PROBLEM TO SOLVE:
Among the entries below, the lines from the one with "Faux Leather Sandal." up to and including the one with "lente de aumento" are to be restated exactly, without pictures.

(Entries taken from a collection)
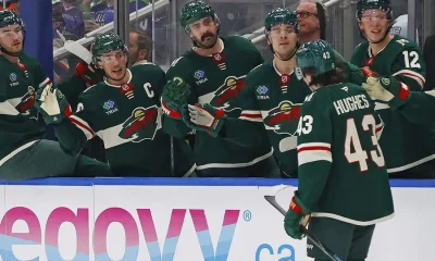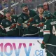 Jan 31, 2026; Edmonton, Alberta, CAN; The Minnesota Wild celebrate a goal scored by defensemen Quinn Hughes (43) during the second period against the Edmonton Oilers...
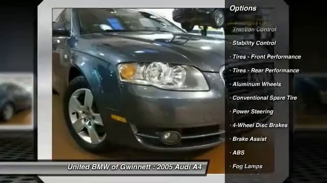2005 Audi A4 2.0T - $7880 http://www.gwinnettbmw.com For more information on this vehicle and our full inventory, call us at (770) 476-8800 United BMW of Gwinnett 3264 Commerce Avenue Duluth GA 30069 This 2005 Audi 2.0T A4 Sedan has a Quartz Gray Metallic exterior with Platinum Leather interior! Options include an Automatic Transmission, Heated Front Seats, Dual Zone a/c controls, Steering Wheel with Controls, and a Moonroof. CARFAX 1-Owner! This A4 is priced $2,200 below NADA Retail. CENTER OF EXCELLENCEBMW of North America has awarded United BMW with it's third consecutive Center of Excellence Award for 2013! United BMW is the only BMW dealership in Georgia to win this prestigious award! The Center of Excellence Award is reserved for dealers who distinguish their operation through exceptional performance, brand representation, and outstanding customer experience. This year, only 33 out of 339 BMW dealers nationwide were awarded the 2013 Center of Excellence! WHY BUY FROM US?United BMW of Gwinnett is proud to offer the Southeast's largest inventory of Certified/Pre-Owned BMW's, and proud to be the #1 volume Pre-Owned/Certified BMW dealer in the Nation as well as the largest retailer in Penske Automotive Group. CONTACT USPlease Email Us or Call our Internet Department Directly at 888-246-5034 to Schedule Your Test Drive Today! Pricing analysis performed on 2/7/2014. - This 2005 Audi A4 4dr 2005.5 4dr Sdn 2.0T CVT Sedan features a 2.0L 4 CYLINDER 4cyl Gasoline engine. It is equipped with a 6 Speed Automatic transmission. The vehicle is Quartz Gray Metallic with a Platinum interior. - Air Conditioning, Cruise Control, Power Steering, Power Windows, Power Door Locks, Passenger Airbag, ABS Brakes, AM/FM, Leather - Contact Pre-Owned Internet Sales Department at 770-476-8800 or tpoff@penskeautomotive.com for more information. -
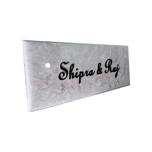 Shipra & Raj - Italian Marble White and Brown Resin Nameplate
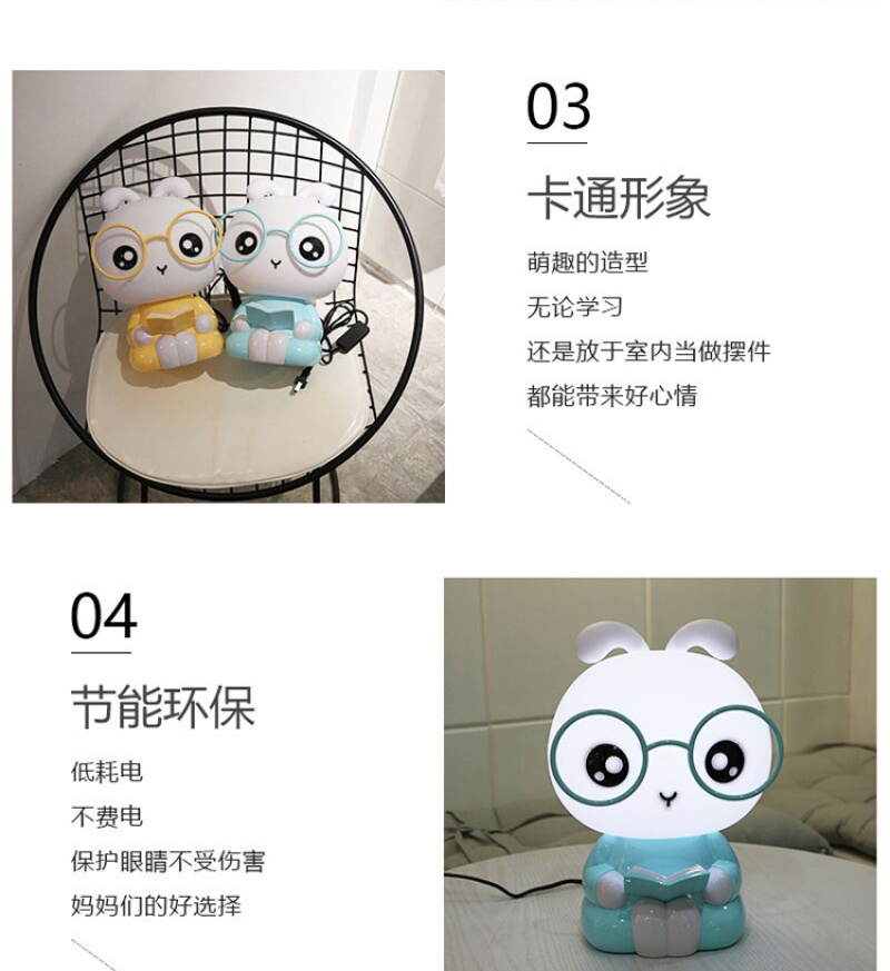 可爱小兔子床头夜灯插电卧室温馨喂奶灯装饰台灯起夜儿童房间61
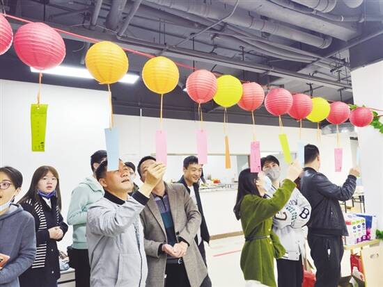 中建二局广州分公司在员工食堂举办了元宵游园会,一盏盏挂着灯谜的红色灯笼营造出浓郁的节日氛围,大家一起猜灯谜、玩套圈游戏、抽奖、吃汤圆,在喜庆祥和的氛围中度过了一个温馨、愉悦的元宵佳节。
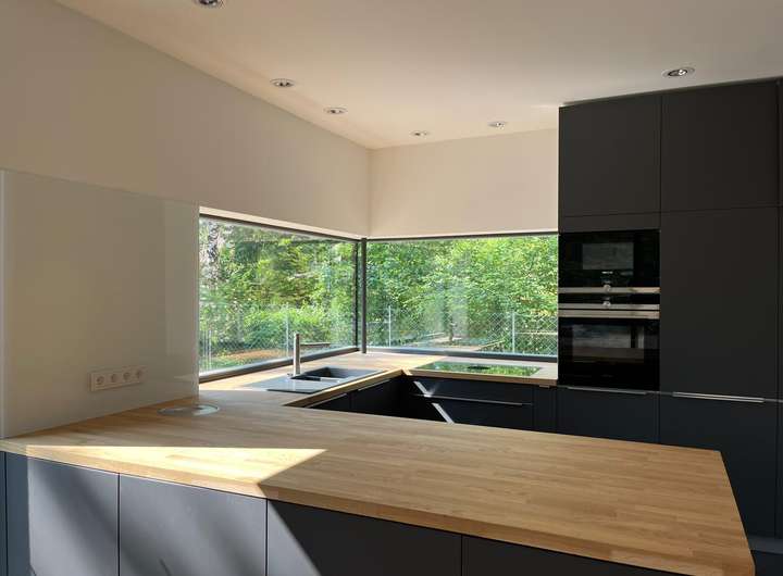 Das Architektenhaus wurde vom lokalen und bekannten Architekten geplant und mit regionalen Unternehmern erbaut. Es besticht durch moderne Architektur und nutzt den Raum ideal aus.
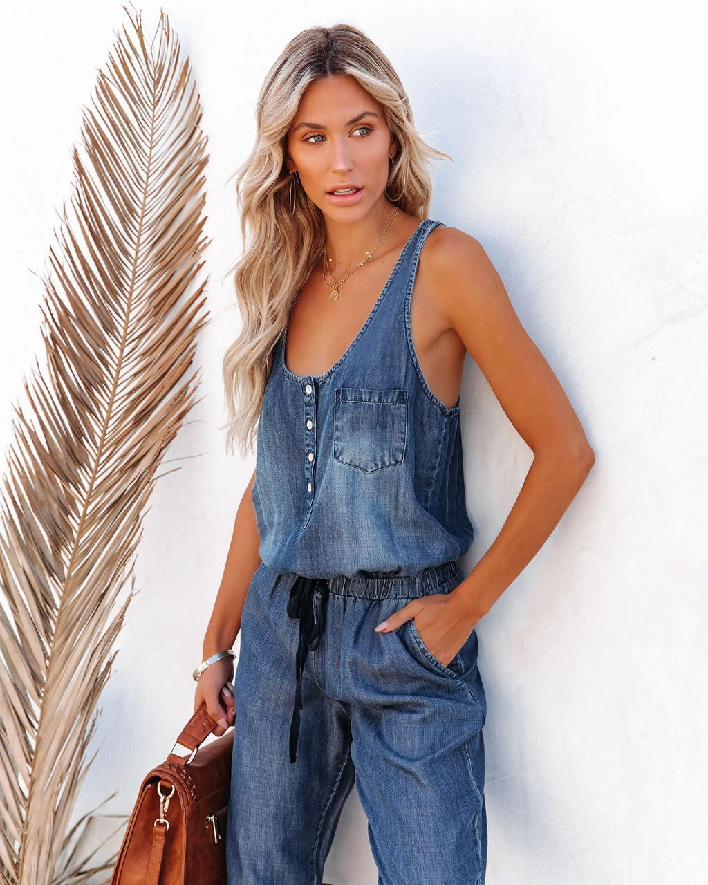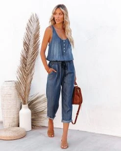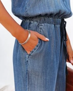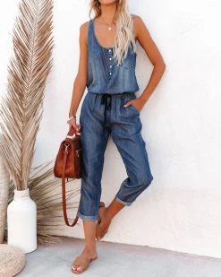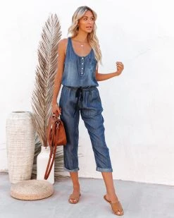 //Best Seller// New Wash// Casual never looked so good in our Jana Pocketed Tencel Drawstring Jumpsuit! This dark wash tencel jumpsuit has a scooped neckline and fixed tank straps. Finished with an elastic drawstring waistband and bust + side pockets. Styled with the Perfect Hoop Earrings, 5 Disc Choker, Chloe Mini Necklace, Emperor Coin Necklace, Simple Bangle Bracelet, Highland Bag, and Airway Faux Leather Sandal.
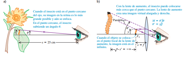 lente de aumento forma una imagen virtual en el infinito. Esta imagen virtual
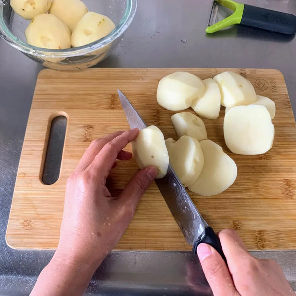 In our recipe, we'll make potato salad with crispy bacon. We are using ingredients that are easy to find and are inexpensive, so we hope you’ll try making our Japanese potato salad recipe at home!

ANSWER FOR THE TASK:
 //Best Seller// New Wash// Casual never looked so good in our Jana Pocketed Tencel Drawstring Jumpsuit! This dark wash tencel jumpsuit has a scooped neckline and fixed tank straps. Finished with an elastic drawstring waistband and bust + side pockets. Styled with the Perfect Hoop Earrings, 5 Disc Choker, Chloe Mini Necklace, Emperor Coin Necklace, Simple Bangle Bracelet, Highland Bag, and Airway Faux Leather Sandal.
 lente de aumento forma una imagen virtual en el infinito. Esta imagen virtual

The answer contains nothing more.